Update: Thanks for the pointer to the data set. It's really interesting. So I did not filter it down to cyclists, but right now I'm using all 1.2 million records with coordinates. I've fed them into ELKI for analysis, because it's really fast, and it actually can use the geodetic distance (i.e. on latitude and longitude) instead of Euclidean distance, to avoid bias. I've enabled the R*-tree index with STR bulk loading, because that is supposed to help to get the runtime down a lot. I'm running OPTICS with Xi=.1, epsilon=1 (km) and minPts=100 (looking for large clusters only). Runtime was around 11 Minutes, not too bad. The OPTICS plot of course would be 1.2 million pixels wide, so it's not really good for full visualization anymore. Given the huge threshold, it identified 18 clusters with 100-200 instances each. I'll try to visualize these clusters next. But definitely try a lower minPts for your experiments.

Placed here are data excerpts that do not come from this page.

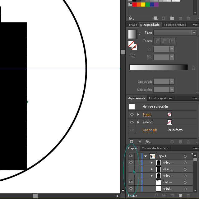 Y hacer clic sobre el trazo del círculo concéntrico, veremos como desaparece el color del trazo y podemos empezar a escribir.
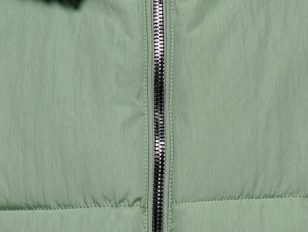 Jakken er fremstillet i en blanding af nylon og genanvendt polyester, hvilket giver en slidstærk overflade, der samtidig er nem at vedligeholde. Fyldet sikrer varme uden at gøre jakken tung, og den faste hætte beskytter mod vind og kulde.
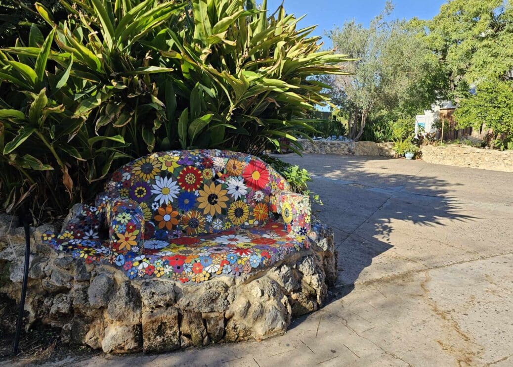 What makes this spot particularly appealing is the tranquil garden setting. After enjoying your meal, take time to wander through the lush grounds filled with flowers, herbs, and vibrant mosaic artworks. The garden has been thriving for about 30 years, established in 1994 as a permaculture project focused on education and the arts.
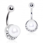 La barre arquée en acier sécurisé, surmontée d'une perle aux éclats miroitants et munie d'une fixation inférieure éclairée par une belle pierre de synthèse claire ou bleu azur contribue grandement à son charme.
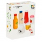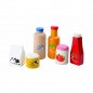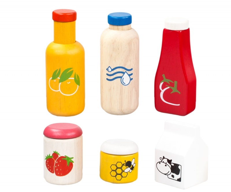 Необычный игровой набор от производителя Plan Toys включает в себя шесть деревянных баночек, бутылочек и пакет, предназначенных для хранения еды и напитков - кетчуп, мед, апельсиновый сок, клубничный джем, вода и молоко. Все элементы имеют аккуратно закругленные края для большей безопасности ребенка во время игр. Данный набор прекрасно подойдет для любимых игр всех девочек на темы чаепития, шопинга и "дочки-матери".
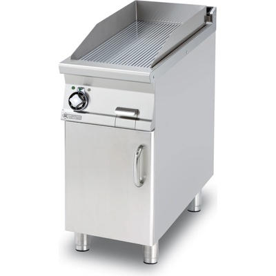 Elektrická grilovací deska rýhovaná vyrobená z nerezové oceli se zásuvkou na tuk. Rozměr desky: 36x68 cm. Dveře nejsou součásti – možno dokoupit. Vhodná do kuchyně nad 500...

So here are the major clusters found:
51.690713 -0.045545 a crossing on A10 north of London just past M25
51.477804 -0.404462 "Waggoners Roundabout"
51.690713 -0.045545 "Halton Cross Roundabout" or the crossing south of it
51.436707 -0.499702 Fork of A30 and A308 Staines By-Pass
53.556186 -2.489059 M61 exit to A58, North-West of Manchester
55.170139 -1.532917 A189, North Seaton Roundabout
55.067229 -1.577334 A189 and A19, just south of this, a four lane roundabout.
51.570594 -0.096159 Manour House, Picadilly Line
53.477601 -1.152863 M18 and A1(M)
53.091369 -0.789684 A1, A17 and A46, a complex construct with roundabouts on both sides of A1.
52.949281 -0.97896 A52 and A46
50.659544 -1.15251 Isle of Wight, Sandown.
...
Note, these are just random points taken from the clusters. It may be sensible to compute e.g. cluster center and radius instead, but I didn't do that. I just wanted to get a glimpse of that data set, and it looks interesting.
Here are some screenshots, with minPts=50, epsilon=0.1, xi=0.02:
Notice that with OPTICS, clusters can be hierarchical. Here is a detail:
First, your example is quite misleading. You have two different sets of data, and you don't control the data. If it appears in a chain, then you will get a chain out.
This problem is not exactly suitable for a database. You'll have to write code or find a package that implements this algorithm on your platform.
There are many different clustering algorithms. One, k-means, is an iterative algorithm where you look for a fixed number of clusters. k-means requires a few complete scans of the data, and voila, you have your clusters. Indexes are not particularly helpful.
Another, which is usually appropriate on slightly smaller data sets, is hierarchical clustering -- you put the two closest things together, and then build the clusters. An index might be helpful here.
I recommend though that you peruse a site such as kdnuggets in order to see what software -- free and otherwise -- is available.